I recently spent a week and a half in Toronto, after having been gone for nine months, and the city’s changed already! There’s a stretch of Bloor street that’s notorious for having new shops open every few months, and others disappearing when the rent gets too high. Just west of that a new board game cafe opened while I was gone. For $5 you can sit there as long as you want and play as many boardgames as you like. They have close to two thousand games, all stacked in IKEA Expedit shelving along the long wall of the cafe.

While waiting for Nadia to show up, I spotted a game that I’d read a review of. I had been meaning to play Pandemic, and here it was! Nadia was also up for a game of pandemic eradication, so we got out the multi-page instructions and tried to figure it out.

The girl sitting at the table next to us commented “Wow, your game sounds complicated” when we had to refer to the instructions for the millionth time. “Have you been the infection yet this round?” “You still need to take another card – we only just did the epidemic card.” “Don’t forget to move the outbreak marker.”

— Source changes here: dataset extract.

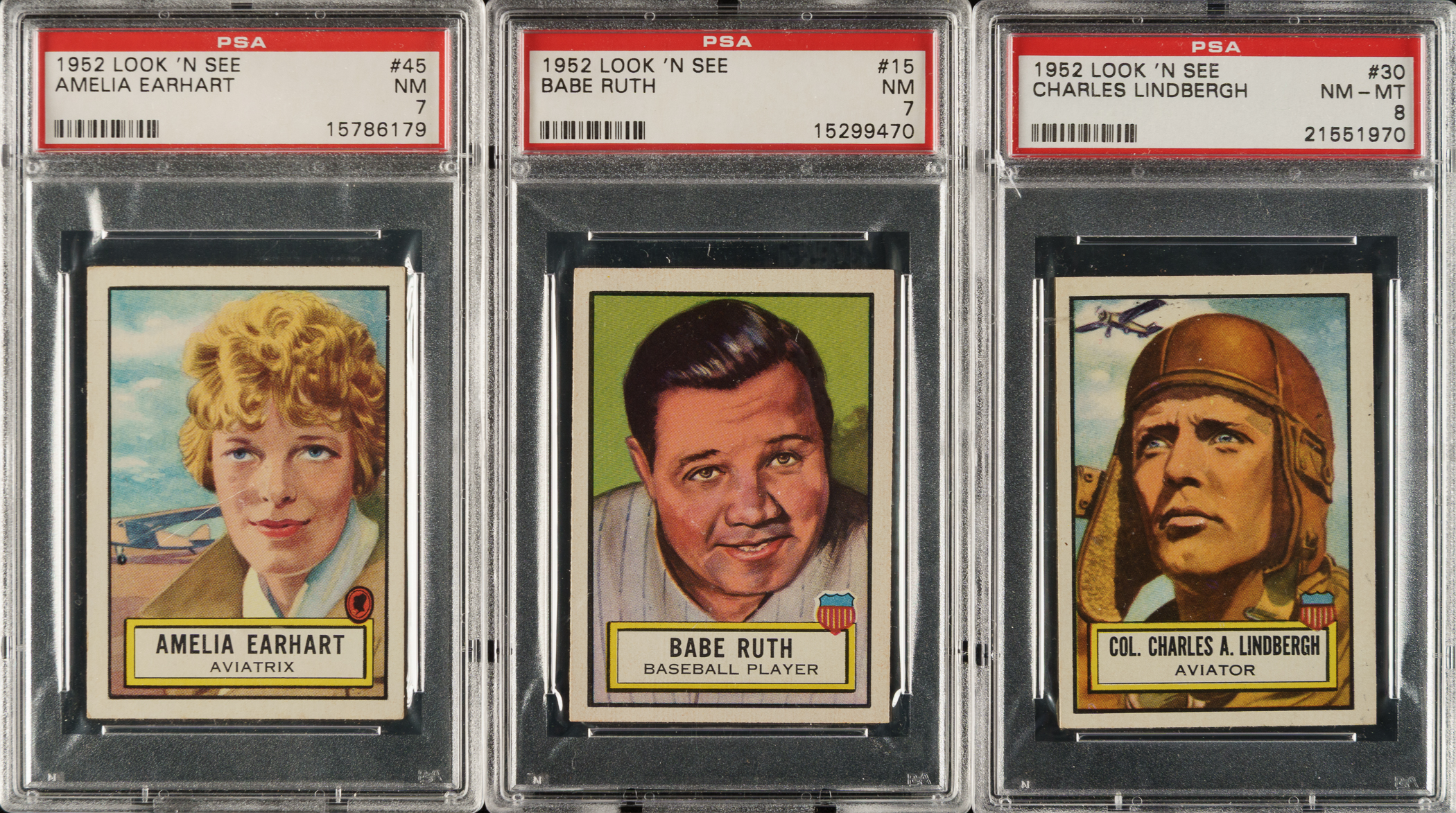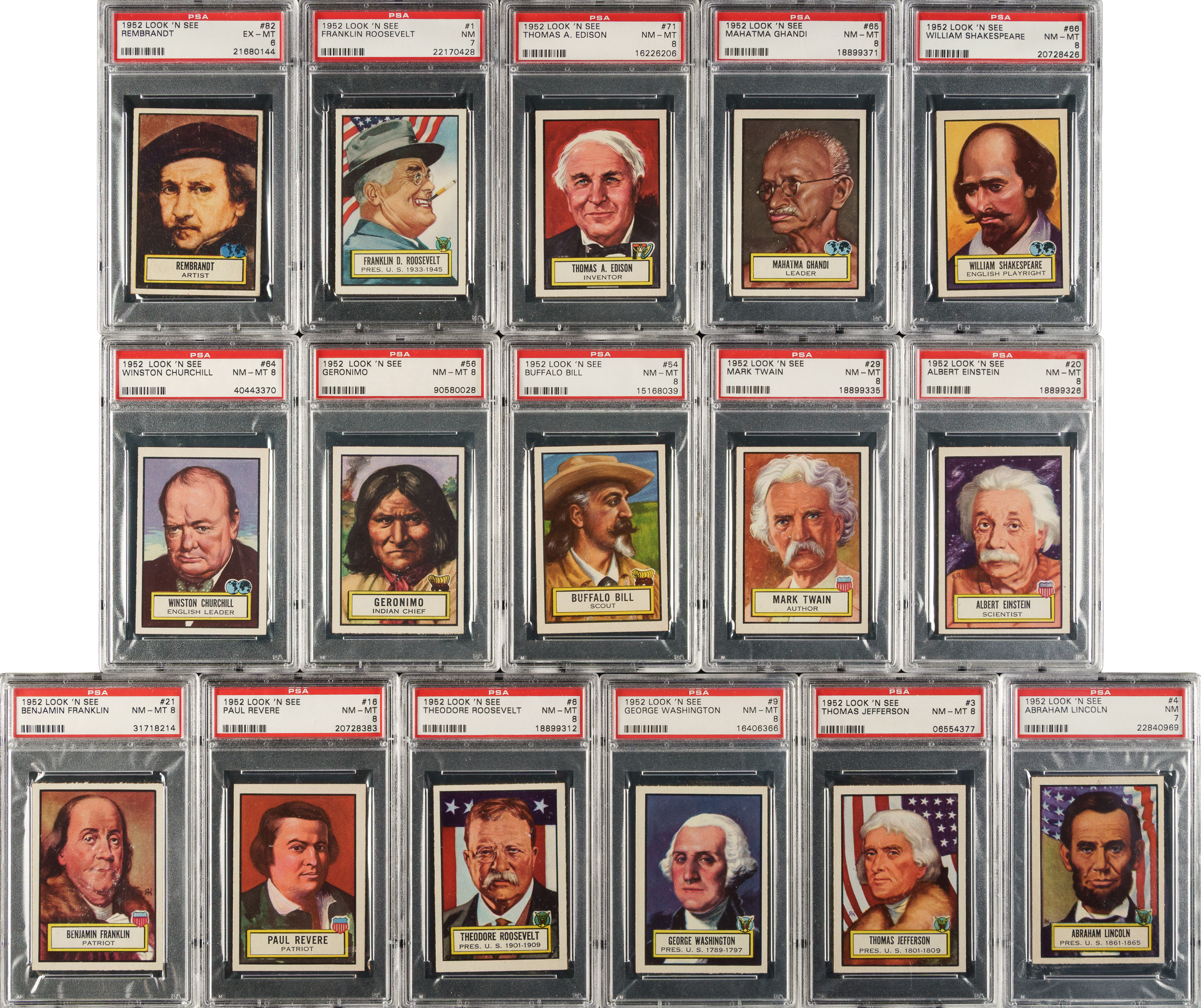 Presented is an outstanding high-grade complete set of 1952 Topps "Look 'n See," one of the great classics of early 1950s nonsport card issues and one of the earliest of all Topps sets. "Look 'n See" is one of the most highly regarded and collected of all postwar sets. This was an extremely ambitious concept for a set, with strong historical and educational content. The card fronts feature full-color portraits of famous people from all eras and areas of history. Any kid collecting and studying this set could not help but learn about and develop a greater interest in world history. This is one of the finest sets of this popular issue we have ever offered! All 135 cards have been graded and encapsulated by PSA. Included are seventy-five NM-MT 8s, fifty NM 7s, and ten EX-MT 6s. This set currently ranks 12th on the PSA Set Registry with an impressive GPA of 7.39! PSA Grading Composite: NM-MT 8 (75 cards): #2, 3, 5, 6, 7, 8, 9, 10, 11, 12, 14, 16, 18, 19, 20, 21, 22, 23, 25, 27, 28, 29, 30 Lindbergh, 32, 33, 34, 35, 36, 37, 38, 39, 40, 41, 43, 44, 46, 48, 49, 51, 52, 53, 54, 55, 56, 57, 60, 61, 62, 63, 64, 65, 66, 67, 68, 69, 70, 71, 73, 74, 87, 90, 91, 98, 105, 108, 110, 114, 118, 119, 123, 125, 127, 128, 134, and 135. NM 7 (50 cards): #1, 4, 13, 15 Ruth, 17, 24, 26, 31, 42, 45 Earhart, 47, 50, 58, 59, 72, 76, 77, 78, 79, 81, 83, 84, 85, 86, 89, 92, 94, 95, 96, 97, 99, 101, 102, 103, 106, 107, 109, 111, 112, 113, 115, 116, 117, 120, 122, 124, 126, 129, 130, and 132. EX-MT 6 (10 cards): #75, 80, 82 Rembrandt, 88, 93, 100, 104, 121, 131, and 133. This classic and always very popular nonsport set is filled with many great historical figures. This is an extremely fresh, clean, and sharp-looking set in particularly strong condition for this scarce, early Topps issue. The total SMR value in the assigned grades is $10,032. Total: 135 cards. The size/weight of this item requires that there will be an additional shipping charge for this lot.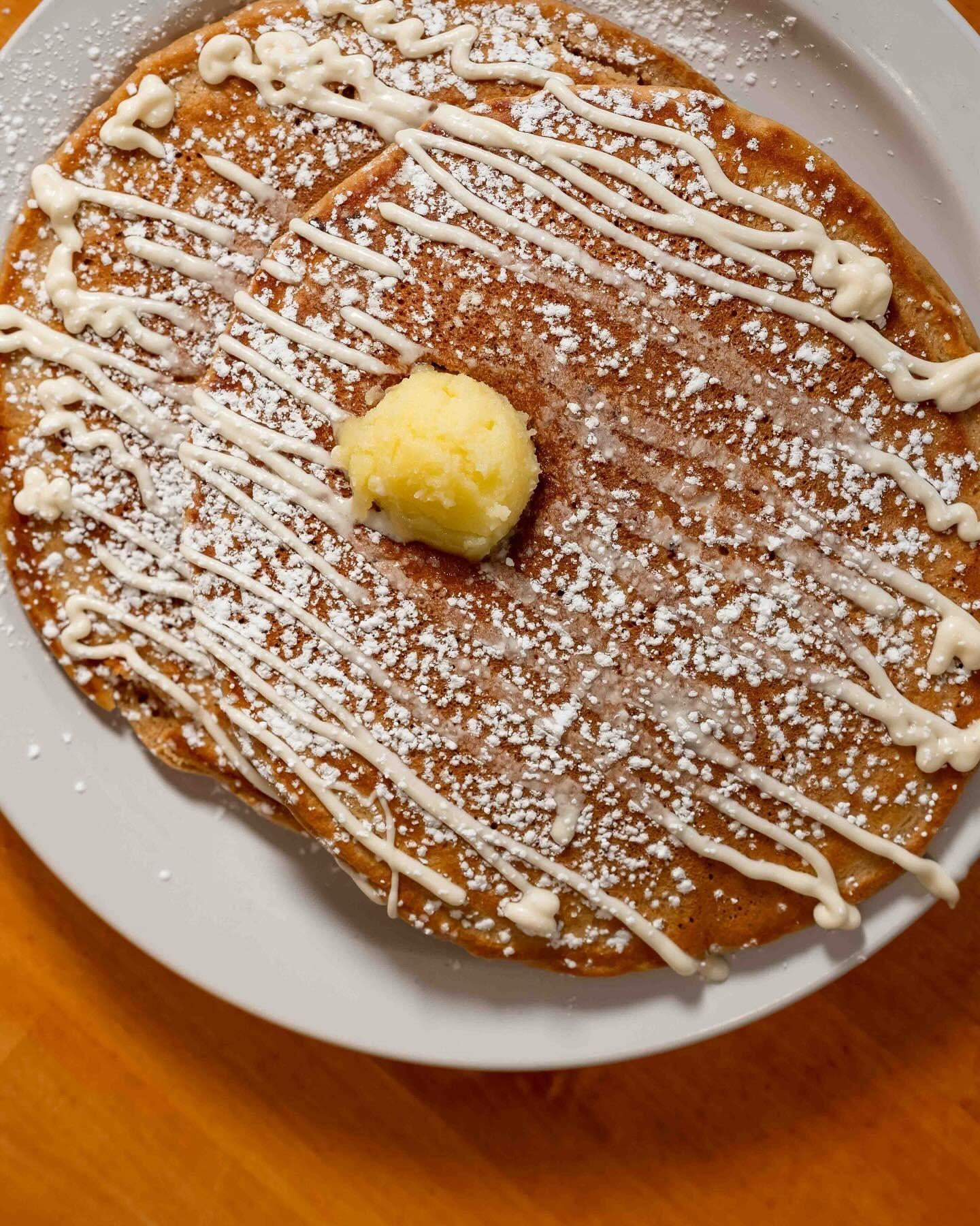 Heightened apples served over griddle pancakes and topped with sweet crumble, vanilla icing, butter, whipped cream and powdered sugar

The goal of the game was to win, as a team, against the spreading infections. The game itself could win from all the players by making them run out of cards or playing pieces, or after eight epidemic outbreaks. The players could win by finding cures against all diseases. Once you had a cure, you could then also eradicate that disease, making it impossible to get new infections of that type.

To find a cure, you needed 5 similarly-coloured cards, and a research station. Building a research station was, relatively speaking, the easiest move in the game. It only cost as much as a plane ticket, and if you were lucky, you could even use this card, making it entirely free:

Don’t you wish you had that card in real life?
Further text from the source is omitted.